- The Washington Times - Saturday, July 16, 2005

In the midst of one of the greatest challenges we have ever faced, we in the Western World have developed a serious communications problem. In this era of hypersensitivity and political correctness, words no longer have meaning.

The good are too often portrayed as evil; indefensibly wicked acts are made less so by how they are described. Words like “hero” and “hatred” have lost definition. In a struggle for survival, the inability to discern attackers from allies, friends from foes and heroes from cowards can be catastrophic.

Scotland Yard and MI5 — the British domestic intelligence service — concluded three of the four young men who killed 52 people with backpack bombs in London on July 7 were home-grown. Law enforcement and security officials suspect plastic explosives used to create the carnage originated in Bosnia and were smuggled into Britain “by a criminal enterprise” after transiting much of the European Union.

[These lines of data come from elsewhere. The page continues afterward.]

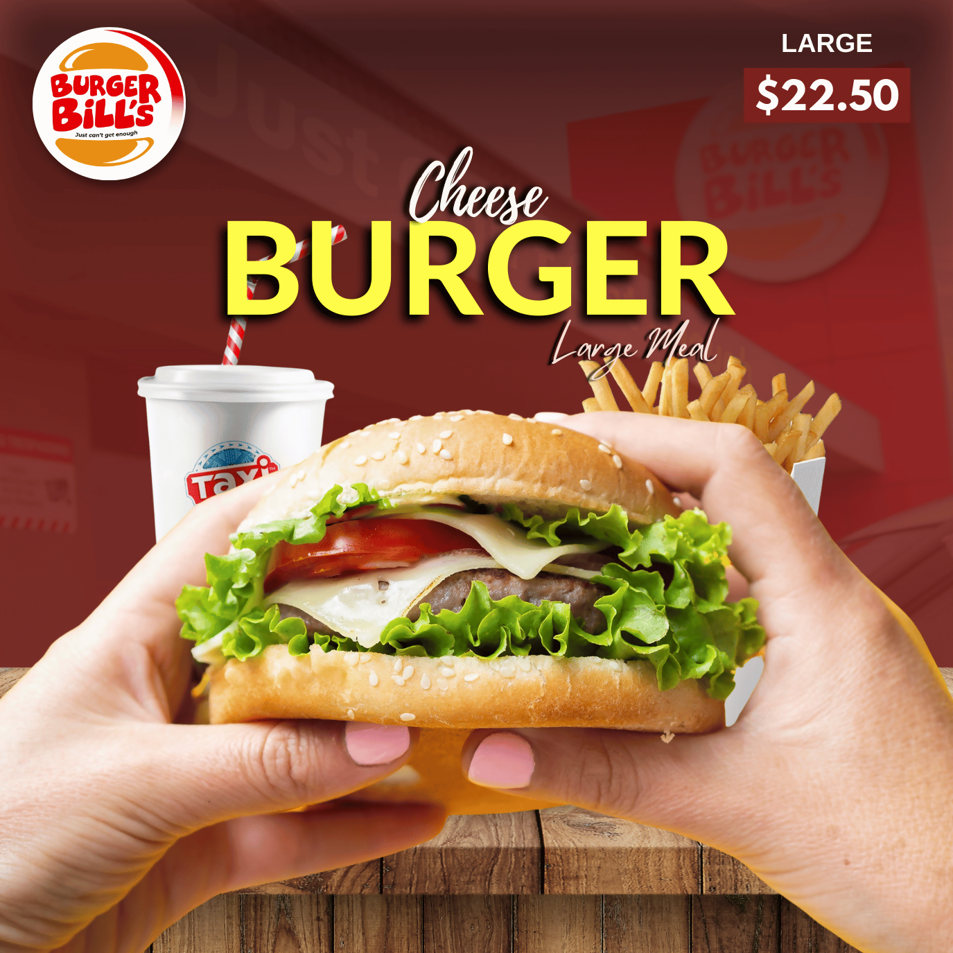 Large Cheese Burger Meal with Drink "PICKUP FROM BURGER BILLS VAITELE ONLY"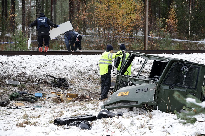 A Frontier Guard truck with 12 conscripts in its platform tent collided with a car in Liperi, Eastern Finland, early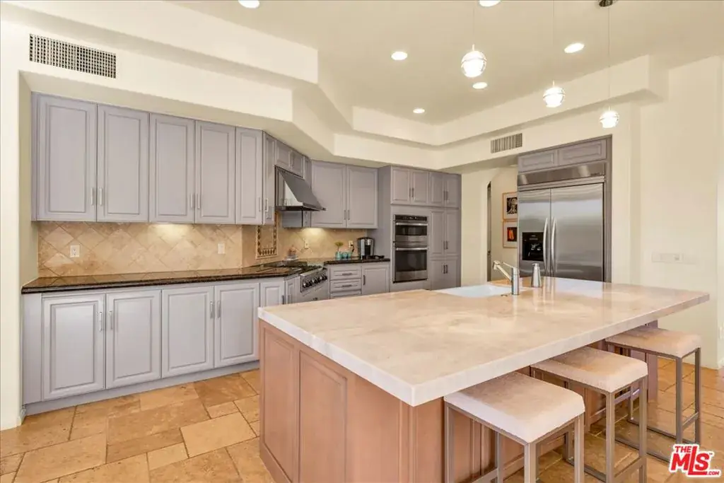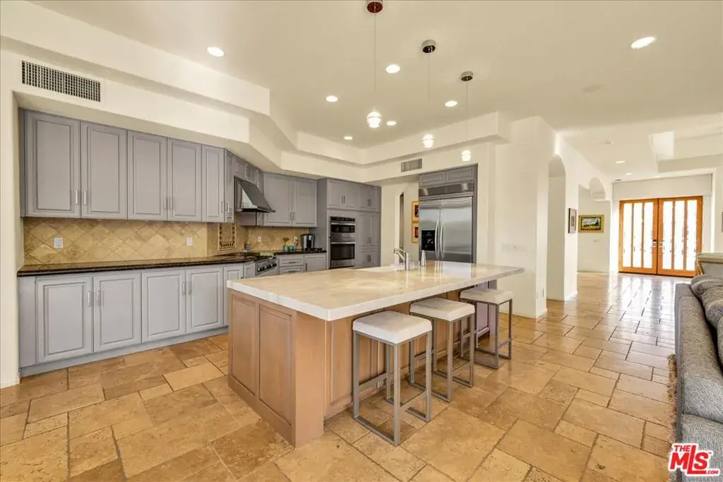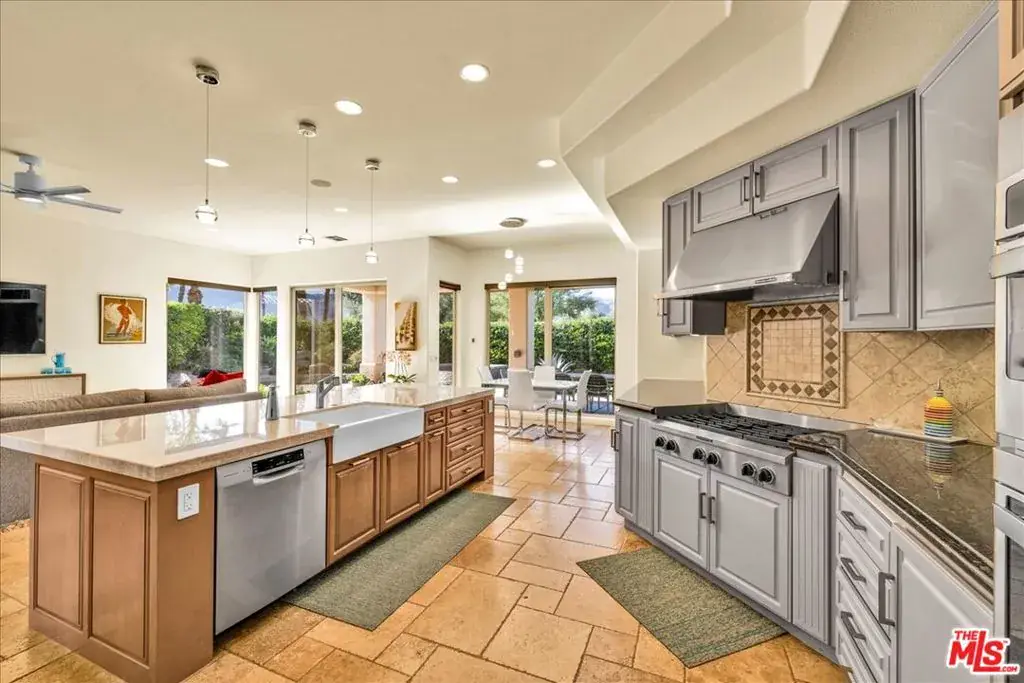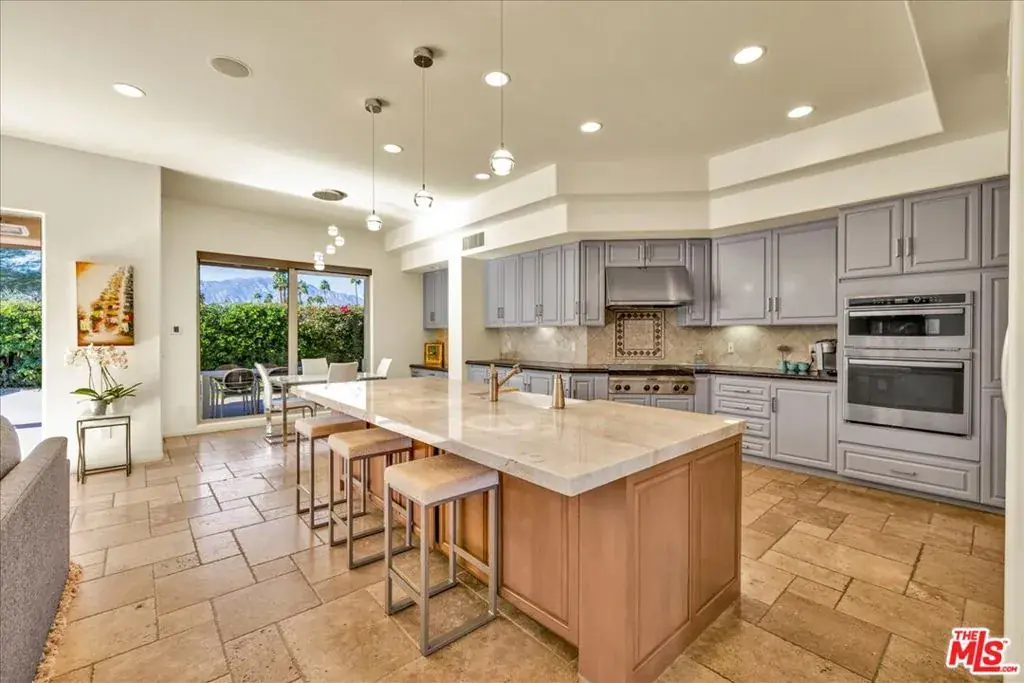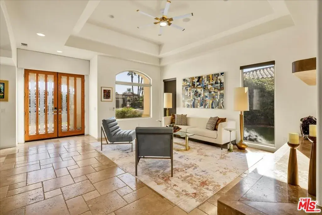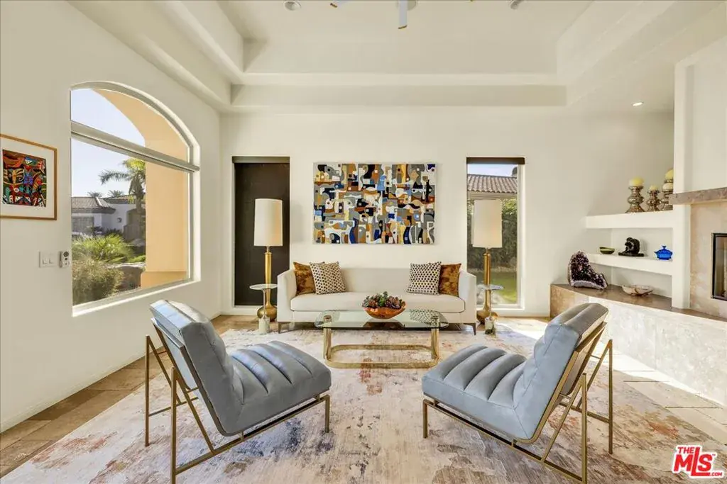 Wake up each day to luxurious Rancho Mirage living in the exclusive gated enclave of Carrera Estates. Set on an oversized lot with breathtaking San Jacinto Mountain views, this residence invites a lifestyle centered on elegance, entertaining, and privacy. Sunlight pours through expansive windows, illuminating soaring 14 foot ceilings, travertine floors, and open living spaces designed to gather and relax. Featuring 4 bedrooms, 5 bathrooms, including a casita with a private entry to welcome guests. Gather in the gourmet kitchen which seamlessly flows into the great room and formal dining areas. Retreat to the serene primary suite with its high ceilings, dual vanity bath, and walk-in closet. All bedrooms are ensuite with patio access. Evenings are best enjoyed outdoors, where lush landscaping surrounds a custom saline Pebble Tec pool and spa beneath a star-studded desert sky. Home has solar panels and a climate-controlled 3-car garage, plus a private gated entry. Minutes to Eisenhower Hospital and golfing. Enjoy a stroll to nearby dining, shopping, and entertainment. This home offers more than a place to live. It delivers a refined desert lifestyle.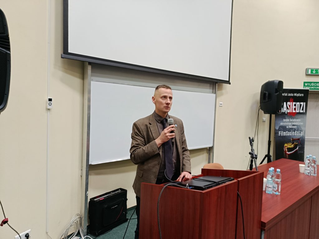 W środę, 11 marca, w murach Wyższej Szkoły Administracji Publicznej w Ostrołęce odbyło się spotkanie autorskie połączone z pokazem dwóch pierwszych odcinków serialu dokumentalnego „Sąsiedzi. Preludium Genocidum Atrox”. Głównym gościem wydarzenia był autor produkcji, Jacek Międlar.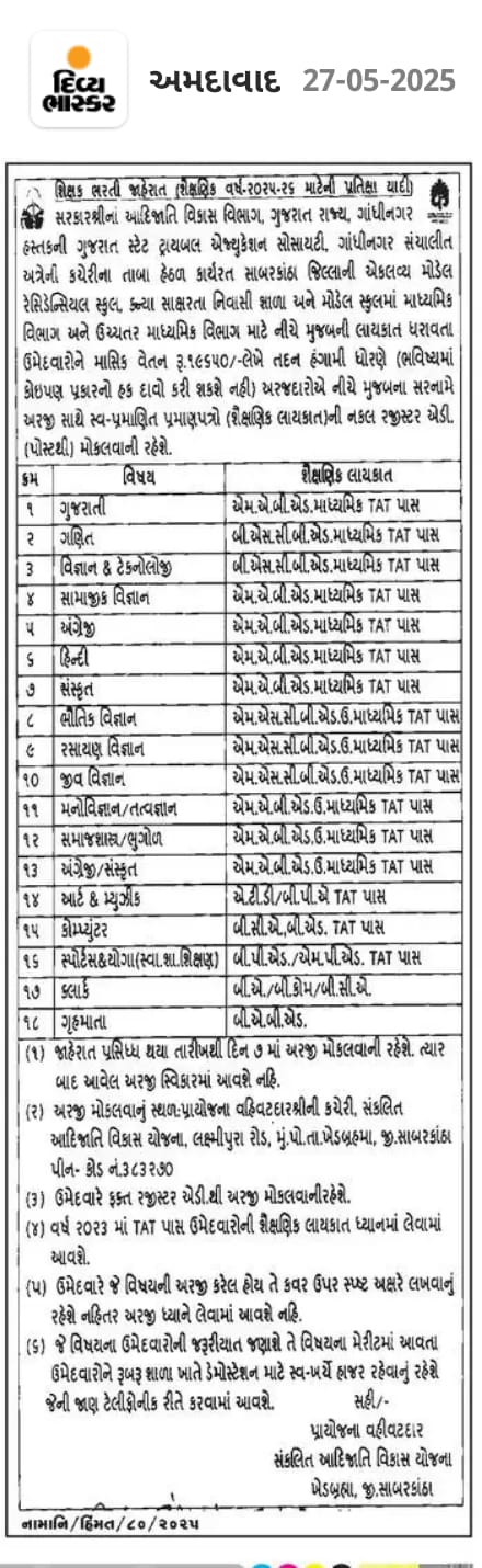 ઉમેદવાર મિત્રો, એકલવ્ય મોડેલ રેસિડેન્સિયલ સ્કૂલ દ્વારા કુલ જગ્યાઓ જણાવેલ નથી. જગ્યાઓ સંબંધિત વધુ માહિતી મેળવવા માટે જાહેરાત ધ્યાનથી વાંચવાની ભલામણ કરવામાં આવે છે.

Investigators described the perpetrators as “criminals” and characterized the event as “unlawful.” The government-subsidized BBC referred to them as “bombers” and the act as “barbaric.” But for reasons too arcane for most of us to comprehend, none of these public-safety stewards call the killers what they are — or their deed what it was. Those who planned and carried out the killings are, of course, radical Islamic fanatics who committed a horrific act of terrorism.

In the Netherlands, Mohammed Bouyeri, confessed murderer of Dutch documentary filmmaker Theo van Gogh went on trial in The Hague last week. Instead of mounting a defense, Bouyeri rose in the court and announced he was proud of what he had done, would have killed more if he could and would do it all again if given the chance.



The charge Bouyeri faces is “aggravated murder,” not terrorism Describing the crime, Dutch prosecutors have steadfastly refused to call Bouyeri an Islamic radical — though he calls himself a “soldier of Allah.”

Here in the United States we’re not doing much better. The U.S. media have made the Abu Ghraib story Page One “news” for nine months — and left the impression that aberrant behavior of a few was commonplace in the U.S. Armed Forces. An edited tape of a U.S. Marine firing at what he thought was a wounded, but armed and hostile, enemy combatant in a mosque in Fallujah was broadcast countless times by our television networks. Yet when the Marine’s court-martial resulted in an acquittal, it was barely covered.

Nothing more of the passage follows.